As to if it is hands off spouses or not; In both cases, it is up to the people involved. I know of cases when a member of a club is locked down, his brothers would take care of his Ol'lady (financially, and otherwise
). It should
never happen without the brother's permission though. Doing so could get you killed, the fuck beaten out of you, or kicked out of the club. (Most likely all three in the case of some of the clubs...) Is that situation out of the norm? Absolutely. They are called 1%'ers for a reason.
With the military; It is not unheard of for a guy rotating back stateside to have a conjugal visit with one of his buddy's wife or girlfriend. If they are all consenting adults and in agreement, no harm, no foul in my book. It is a shitty dick move if it is done behind their buddy's back...

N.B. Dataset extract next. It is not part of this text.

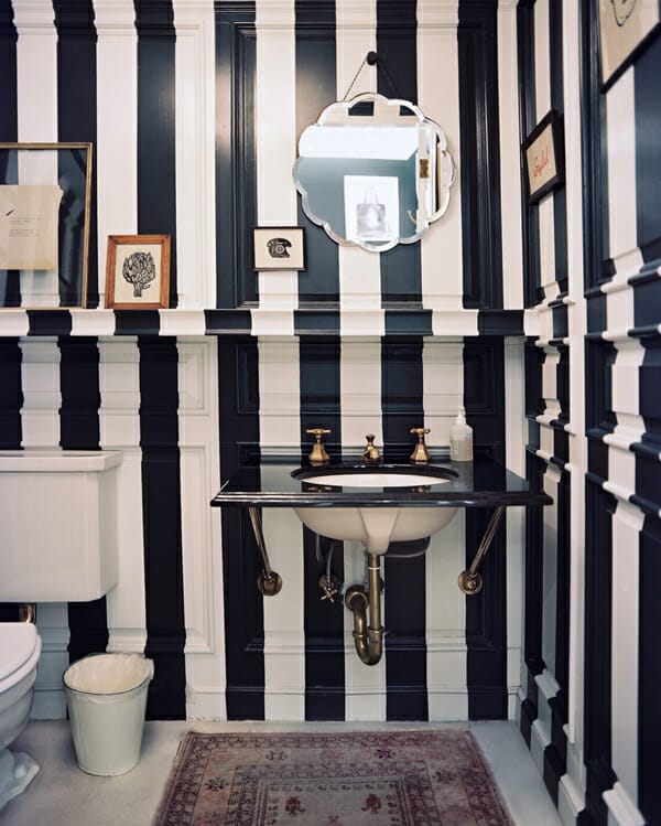 Here, vertical stripes sport white and black. Moreover, they lend the pint-sized powder room an instant graphic punch.

On dead spouses; Not to get too personal, but my mother dated and then lived with one of my father's closest buddies after he died. My dad and his buddy had fought, drank and had been through some really bad shit together. My mom grieved for several years after my dad passed. I was glad to see her get on with her life with someone that loved my dad as much as she did. He never tried to be my dad, but instead told me things I didn't know about my dad. I loved hearing stories of about the shit they had been through together that dad never got to tell me. The situation was never weird to me, but I'm extremely open minded.
I know some would be repulsed (cringy in the current vernacular, but using that word makes me cringe...
) by any of the above events to happen. You don't have to accept the mindset or condone the behavior, but I assure you it does happen. We are talking about people with extremely close relationships dealing with extreme situations.
I hope I didn't come off too preachy. My intent was to inform, not preach.